Exercise goal: Give again, unaltered, the line with "無垢の真鍮で作られたフレーム" and all lines that follow it in the listing below, minus any pictures.

Supplied material:
______
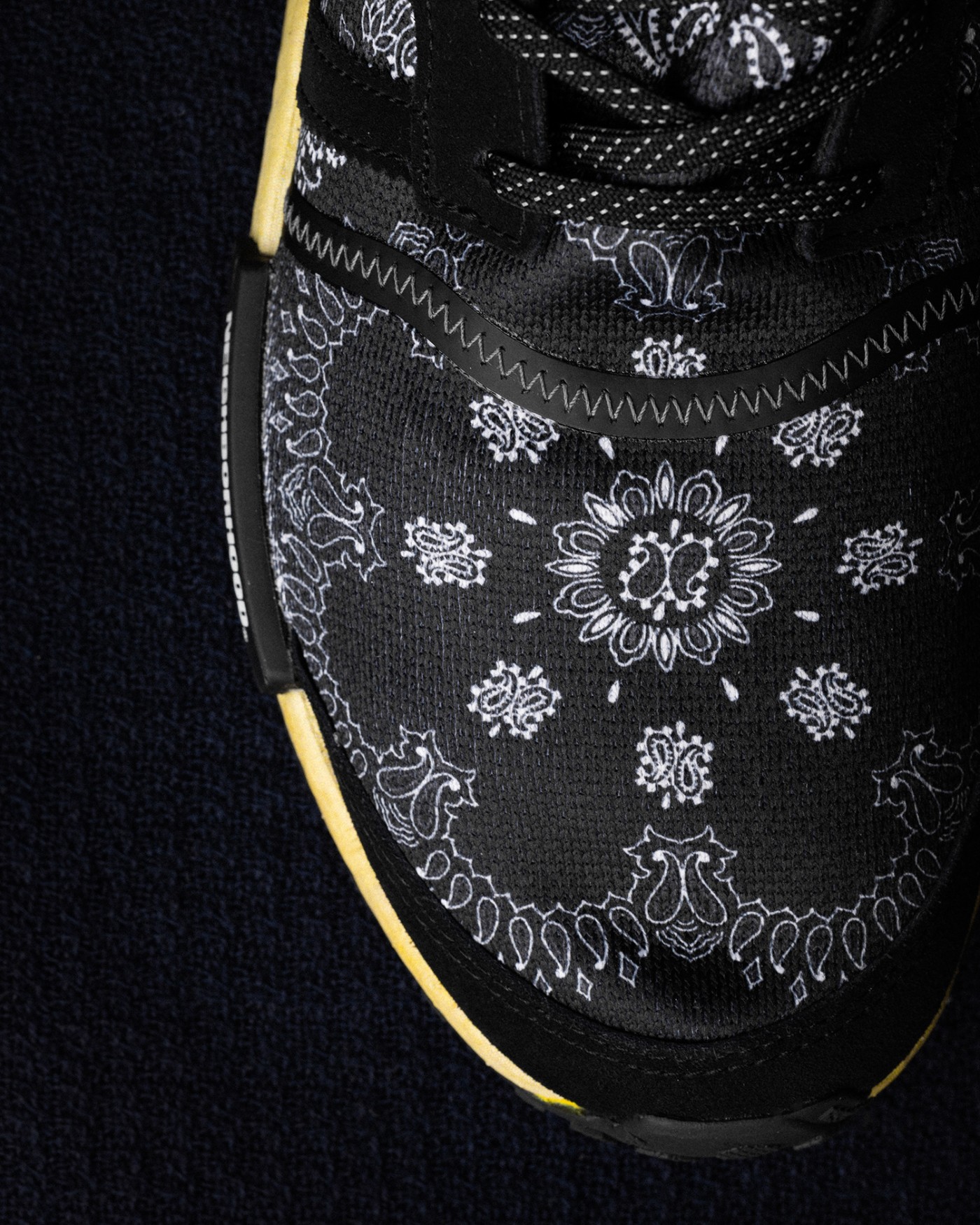另外一款配色则是采用相当深色的海军蓝覆盖整个鞋身,同样在鞋面、侧身以及后跟等部位覆盖腰果花图案。
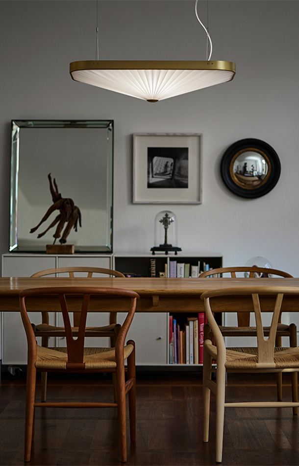 無垢の真鍮で作られたフレームと、その形状に沿って折られたレ・クリントの代名詞であるプリーツのシェードから構成されたペンダントライト。数々の受賞歴を誇るOEO Studioによって、コペンハーゲンにあるデザインミュージアム・デンマークとレ・クリントとの歴史的な関係に敬意を表してデザインされました。スペースプランニングをともなう、施設や店舗、オフィス、住空間などに最適です。
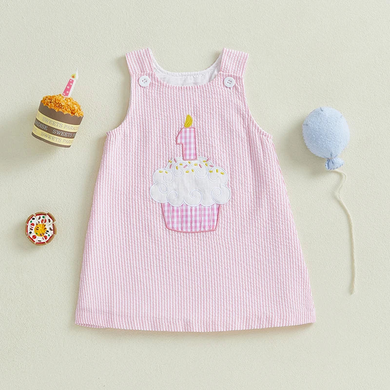This charming toddler A-line dress features a delightful gingham print and a cute cupcake design topped with a single candle—perfect for celebrating birthdays in style. Soft and comfortable, it’s ideal for your little one’s special day filled with fun and smiles.
______
Answer for the task:
 無垢の真鍮で作られたフレームと、その形状に沿って折られたレ・クリントの代名詞であるプリーツのシェードから構成されたペンダントライト。数々の受賞歴を誇るOEO Studioによって、コペンハーゲンにあるデザインミュージアム・デンマークとレ・クリントとの歴史的な関係に敬意を表してデザインされました。スペースプランニングをともなう、施設や店舗、オフィス、住空間などに最適です。
This charming toddler A-line dress features a delightful gingham print and a cute cupcake design topped with a single candle—perfect for celebrating birthdays in style. Soft and comfortable, it’s ideal for your little one’s special day filled with fun and smiles.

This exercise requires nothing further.